Single-cell whole-genome bisulfite sequencing accurately reports genome-wide 5mC patterns
In order to experimentally measure intra-tissue liver heterogeneity, diploid hepatocytes were isolated from six mice, three 4-months old and three 26-months old, by liver perfusion and sorted using fluorescence-activated cell sorting (FACS) into PCR tubes after Hoechst 33342 staining. A total of 21 hepatocytes (at least two cells per animal) were subjected to bisulfite treatment followed by whole-genome library preparation and sequencing on an Illumina HiSeq 2500 with 100-base, single-end reads. For each animal we also performed whole-genome bisulfite sequencing (WGBS) of DNA from bulk hepatocytes. For comparison, we also sequenced libraries generated from five manually picked individual mouse embryonic fibroblasts, as well as DNA from two bulk fibroblast cell populations.
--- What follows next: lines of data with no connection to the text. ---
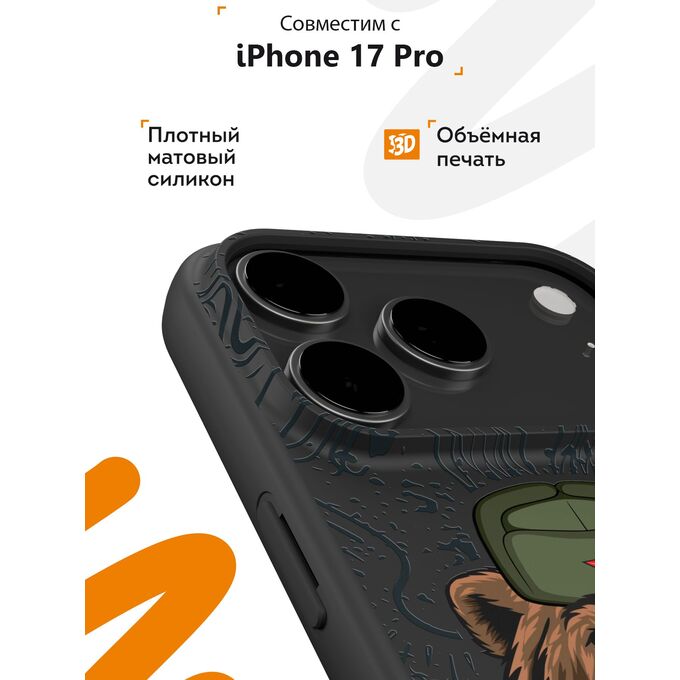 Силиконовый чехол Mcover на iPhone 17 Pro, Русский медведь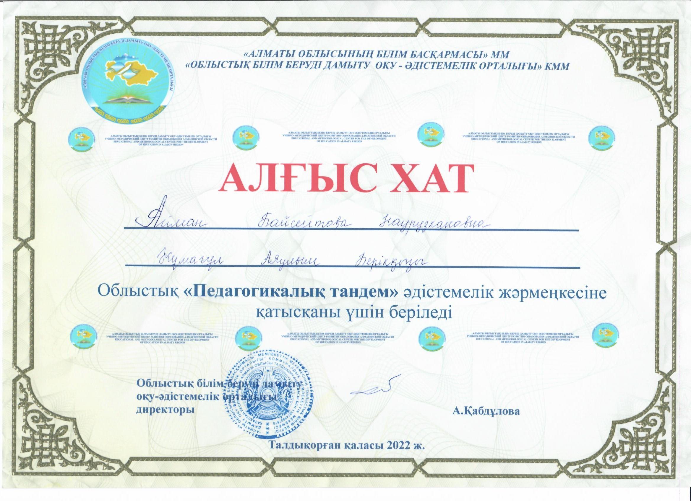 28 март 2022 0 1 2 3 4 5 Облыстық"Педагогикалық тандем" әдістемелік жәрмеңкесі,"Алғыс Хат", Байсейтова Айман Наурузкановна, Жұмағұл Аяулым Берікқызы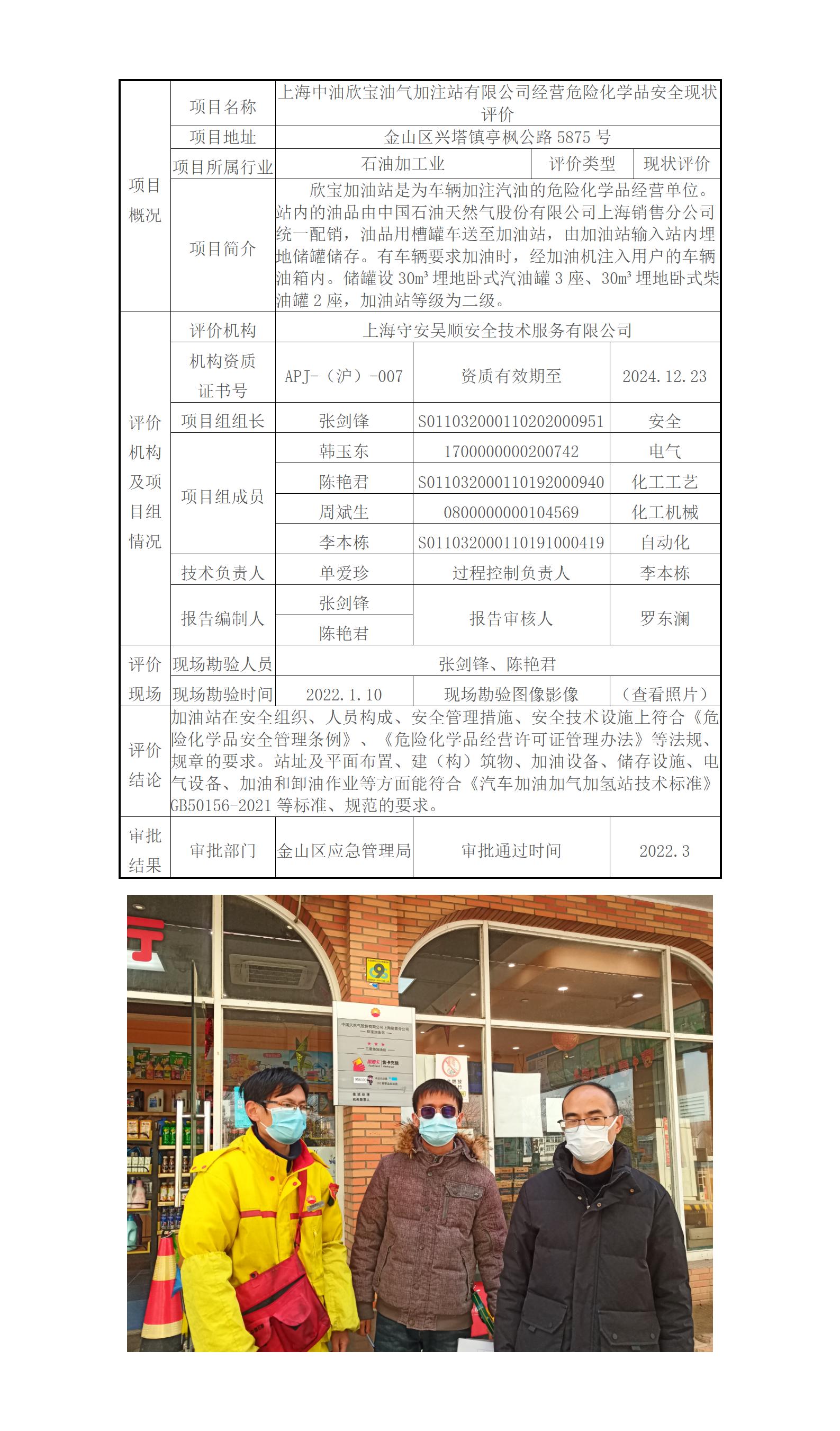 上海中油欣宝油气加注站有限公司 经营危险化学品安全现状评价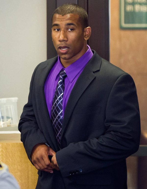 The former CFL wide receiver was convicted in December of two counts of sexual assault and one count each of obstruction of justice and assault on a police officer dating back to 2009.
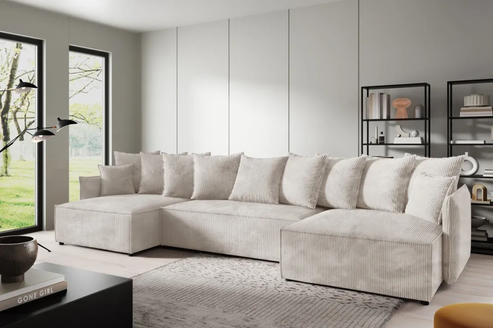 Narożniki>BROMARKT Sztruksowy narożnik rozkładany z funkcją spania duży ARTUR U

On average, 17 million reads were mapped for each single hepatocyte (109 million for the bulk), corresponding to a mapping efficiency of 32.3 % for the single cells and 55.9 % for the bulk (Additional file 1: Table S1). The somewhat lower mapping efficiency of the single-cell DNA may be due to reduced complexity of the DNA amplified from single cells compared with the bulk and was also found by Smallwood et al. [5]. Mapped reads appeared as randomly distributed across the genome, providing information on all genomic features, covering 2.2 million CpG sites on average for the single cells and 21.6 million on average for the bulk DNAs (Additional file 1: Figure S1 and Table S1). Coverage was distinctively lower for the single cells than for the bulk DNA, in agreement with data from others [5] (Fig. 1a). Bisulfite conversion efficiency was 98 % or higher, as assessed by analysis of non-CpG methylation (Additional file 1: Table S1). Additional file 1: Table S2 compares these methodological specifics with two previously published protocols for single-cell methylomics [5, 6], showing that performances of all three methods are fairly similar (Additional file 1: Table S2).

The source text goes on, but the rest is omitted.